Online nursing courses: How teaching and delivery are changing

While it is always useful to know where to find good-quality educational material online, for those wishing to gain professional credentials, something rather more formal and structured is required. Although it will likely be some time before we can accurately assess the true impact of the international COVID-19 lockdowns on education between 2020 and 2021, one innovation that gathered considerable momentum during this fraught time was the widespread pivot to online learning in schools, colleges and universities.

For some education providers, this turn to remote learning was hardly a novelty. Long before the pandemic, establishments like Wilkes University, for example, had already been offering entire degrees and other professional academic credentials online to a huge array of students living far away from its campus in Wilkes-Barre, Pennsylvania.

Learning, including prized professional academic qualifications like the Wilkes ABSN (Accelerated  Bachelor of Science in Nursing), is provided to students remotely via meticulously crafted and fully-accredited online courses, many of them blended with real-world clinical placements for hands-on training experience.
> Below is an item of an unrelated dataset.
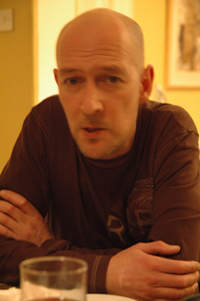 |  | (Dec. 25, 2007) There was this brilliant party at Tom's and Carl's before yesterday where I met Helen and Mary and Polly and Laurence, Colin, Anna, Christine, Jennifer and others. I am not the party guy, you know, but this time I really enjoyed it. Anna looks like the younger sister of Bjork (and liked it very much that I said it.) We danced and sang harmony together when they played "The Girl from Ipanema". To the left is Colin. He wore a Palestinian flag on his jacket, together with an Irish one. He told me about the identity of Liverpool and that he is doing a documentary film on the identity crisis of the city. Colin speaks one of the local accents and told me all about "Scousers", also that the word is related to the dish "labskaus" which is known in Germany.

In the remote learning courses offered by providers like Wilkes, it is possible to discern the contours of how the teaching and delivery of professional nursing courses have changed for the better. Great efforts are made to cater to the needs of online students, most of whom are already managing demanding family and full-time employment commitments before they start. They’re not in a position to adopt the learning style of on-campus students by following the set timetables of the traditional academic year with its fixed start dates, vacation breaks and lecture/seminar slots.

The solution comes in the form of ingenious flexibility in delivery, with no compromise on the rigor and quality of the online course content. Just as in a campus-based program, the content of online teaching is crafted and taught by recognized experts in their field.

Students enjoy significant flexibility 

Although the online ABSN does require full-time commitment and includes essential clinical placements in assorted specialties to put formal learning into real-world practice, it is delivered by the best providers in a way that allows remote students to fulfill their existing employment and family commitments – and study flexibly in their spare time.

The learning content is available 24 hours a day, allowing students to access it by fitting it in around their existing professional and personal schedules. Equally flexible are the mentoring/tutorial and faculty member support offerings for online students, each of whom will typically be allocated a dedicated clinical placement specialist to find a suitably high-quality setting within a maximum of 125 miles from a student’s location.

Because the academics and clinicians who create and deliver these courses are mindful of the burden such full-time study commitments impose, online degree courses like this, although concentrated, are often significantly shortened in overall duration compared to their on-campus equivalents. At Wilkes, for example, remote students can complete their ABSN studies, with clinical placements, within 12 months.

In short, the days of ensuring that you are available at a set time for an online lecture or tutorial have been superseded by flexibly delivered online content accessible around the busiest of schedules. Although it may be a tiring experience at times that demands sustained self-discipline, it is a price many see as well worth paying for a recognized high-quality degree that sets those who graduate on a new and deeply fulfilling career path.